Zocchihedra are designed to handle percentage rolls in games, particularly in role-playing games.

History

It took three years for Zocchi to design his die, and three more years to get it into production. Zocchi discovered that the die would perform best in water at a depth of , so it floats. Since its introduction, Zocchi has improved the design of the Zocchihedron, filling it with teardrop-shaped free-falling weights to make it settle more swiftly when rolled.

The Zocchihedron 2 is a further improved model, and has another filler.

Probability distribution of rolls
A test published in White Dwarf magazine concluded that the frequency distribution of the Zocchihedron was substantially uneven. Jason Mills noticed that some numbers were spaced closer together than others, and suspected that this non-uniform placement would cause some numbers to predictably come up more than others. Mills performed 5,164 rolls and the results confirmed these suspicions; some numbers came up significantly more than others. Most notably, rolls of more than 93 or less than 8 were significantly rarer than middling results. Not coincidentally, these numbers were all spaced closer together near the "poles" of the die, as opposed to numbers near the "equator" that are more widely spaced.
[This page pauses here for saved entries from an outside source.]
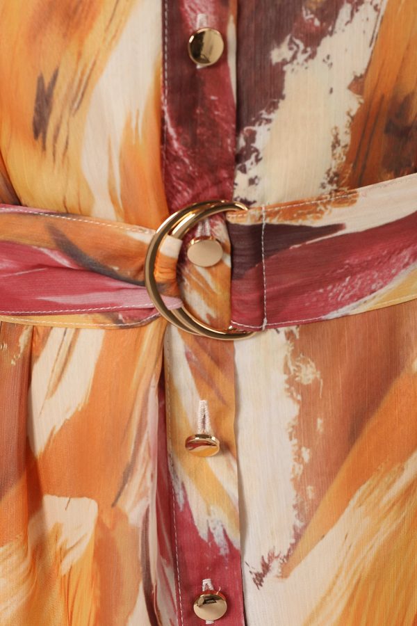 You’ll be turning heads in this stylish mini length dress. A classic high neckline and long sleeves with button cuffs give it a polished look. while functional buttons down the front and detachable belt add an eye-catching element.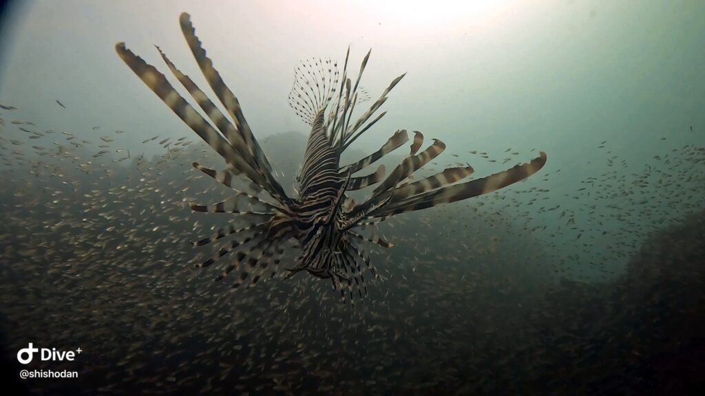 ネンブツダイの群れの中にいたハナミノカサゴ近寄ってきてくれました(*´艸`*)
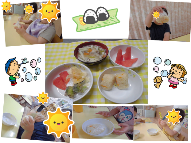 今日はにじ組くまグループ、ほし組でおにぎりを握ってもらうクッキングを行いました!
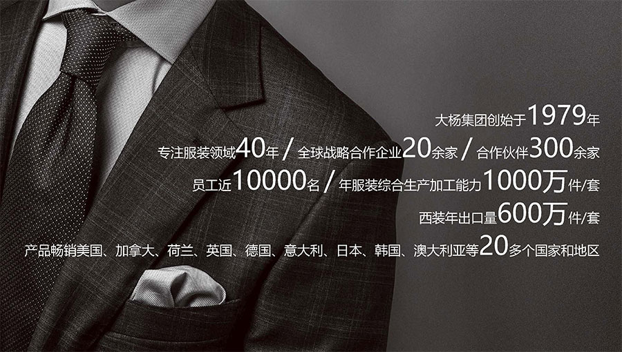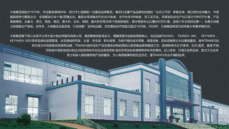大楊集團創建于1979年,總部位于遼寧省大連市,主要生產和銷售各類中高檔服裝產品為主的國際化大型服裝企業,以西裝縫制享譽全球,是世界重要的西裝生產加工基地。現有直屬(控股)成員企業20家,員工4500人。控股子公司大連大楊創世股份有限公司2000年在上海證券交易所上市,并于2016年完成重大資產重組。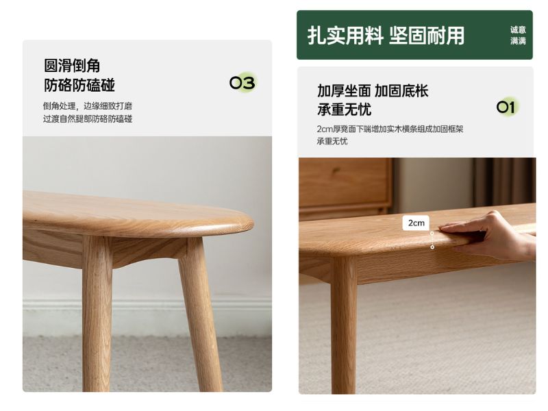 实木长条凳家用橡木条凳仙贝凳简约板凳原木长凳床尾凳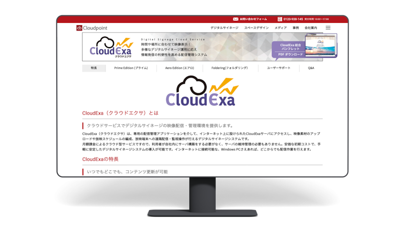 CloudExa(クラウドエクサ)は、株式会社クラウドポイントが提供するクラウド型デジタルサイネージソフトで、その優れた特長が際立っています。このデジタルサイネージシステムは映像配信を主軸とし、即時配信機能や柔軟なコンテンツ管理機能が魅力的です。

After the test was published, the numbering on the Zocchihedron was redesigned with higher and lower numbers placed more evenly across all parts of the die. While numbers spaced closely together near the "poles" still come up less often, the numbers that are placed in these areas are more evenly distributed between 1 and 100, instead of consisting mainly of very high and very low numbers.

Patents
The aesthetic appearance of the Zocchihedron was protected by United States design patent D303,553, which expired on 19 September 2003. The original patent did not include mention of any internal braking mechanism. There was never a utility patent for the original Zocchihedron, although United States patent 6,926,276 may protect the braking mechanism of the Zocchihedron II. That patent will expire on 9 August 2025 and applies only to "spherical dice" containing "multi sized and irregularly shaped particles."